Em uma publicação de 21 de setembro de 2021, por exemplo, o magistrado chamou a senadora de “escrota” e descontrolada. A data da postagem coincide com o período em que Tebet ganhou notoriedade por conta de sua atuação na CPI da covid-19, instaurada no Senado para apurar a atuação de Jair Bolsonaro (PL), então presidente da República, no enfrentamento à pandemia.
“Que escrota essa Simone Tebete, (sic) totalmente descontrolada”, escreveu.
A ação contra o magistrado, à qual a reportagem do Folha Vitória teve acesso com exclusividade, é fruto de um pedido de providências instaurado pela Corregedoria Nacional de Justiça, órgão vinculado ao Conselho Nacional de Justiça (CNJ), no final de 2021.
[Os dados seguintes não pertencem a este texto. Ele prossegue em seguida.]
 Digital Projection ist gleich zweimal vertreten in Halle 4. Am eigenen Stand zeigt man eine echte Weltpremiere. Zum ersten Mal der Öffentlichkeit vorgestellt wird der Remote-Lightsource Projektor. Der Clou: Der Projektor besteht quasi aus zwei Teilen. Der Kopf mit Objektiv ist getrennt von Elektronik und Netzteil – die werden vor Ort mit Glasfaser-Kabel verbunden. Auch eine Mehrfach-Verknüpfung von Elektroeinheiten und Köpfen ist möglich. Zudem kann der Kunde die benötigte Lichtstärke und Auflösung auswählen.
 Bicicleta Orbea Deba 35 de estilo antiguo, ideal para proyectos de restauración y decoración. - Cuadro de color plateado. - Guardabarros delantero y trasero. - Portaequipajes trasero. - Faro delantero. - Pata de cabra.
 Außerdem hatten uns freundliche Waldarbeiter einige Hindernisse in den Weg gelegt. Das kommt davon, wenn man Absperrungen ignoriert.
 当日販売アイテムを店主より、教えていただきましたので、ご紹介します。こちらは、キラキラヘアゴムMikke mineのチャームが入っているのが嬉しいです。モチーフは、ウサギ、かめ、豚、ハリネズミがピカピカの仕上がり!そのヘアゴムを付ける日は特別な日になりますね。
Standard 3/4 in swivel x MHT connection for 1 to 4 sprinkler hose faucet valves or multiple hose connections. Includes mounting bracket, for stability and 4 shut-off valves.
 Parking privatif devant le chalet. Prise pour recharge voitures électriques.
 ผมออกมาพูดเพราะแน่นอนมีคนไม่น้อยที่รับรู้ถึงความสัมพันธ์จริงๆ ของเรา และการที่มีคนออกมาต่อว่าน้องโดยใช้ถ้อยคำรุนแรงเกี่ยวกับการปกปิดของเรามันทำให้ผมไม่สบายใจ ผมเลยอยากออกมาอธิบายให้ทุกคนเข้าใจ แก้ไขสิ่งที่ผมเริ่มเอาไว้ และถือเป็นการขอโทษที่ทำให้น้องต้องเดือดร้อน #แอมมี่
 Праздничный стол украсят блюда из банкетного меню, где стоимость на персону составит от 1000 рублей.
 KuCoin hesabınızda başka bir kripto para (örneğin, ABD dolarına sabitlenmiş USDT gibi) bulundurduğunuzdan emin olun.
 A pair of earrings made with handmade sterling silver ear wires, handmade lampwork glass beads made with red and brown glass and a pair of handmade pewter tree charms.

Todas as publicações feitas pelo juiz, datadas de agosto a setembro de 2021, estão em documento assinado pela ministra Maria Thereza de Assis Moura, então corregedora nacional de Justiça.
Na sequência, o documento da Corregedoria Nacional foi enviado à Corregedoria Geral de Justiça do Estado, que entendeu que o magistrado incorreu em conduta vedada a juízes, segundo a Lei Orgânica da Magistratura.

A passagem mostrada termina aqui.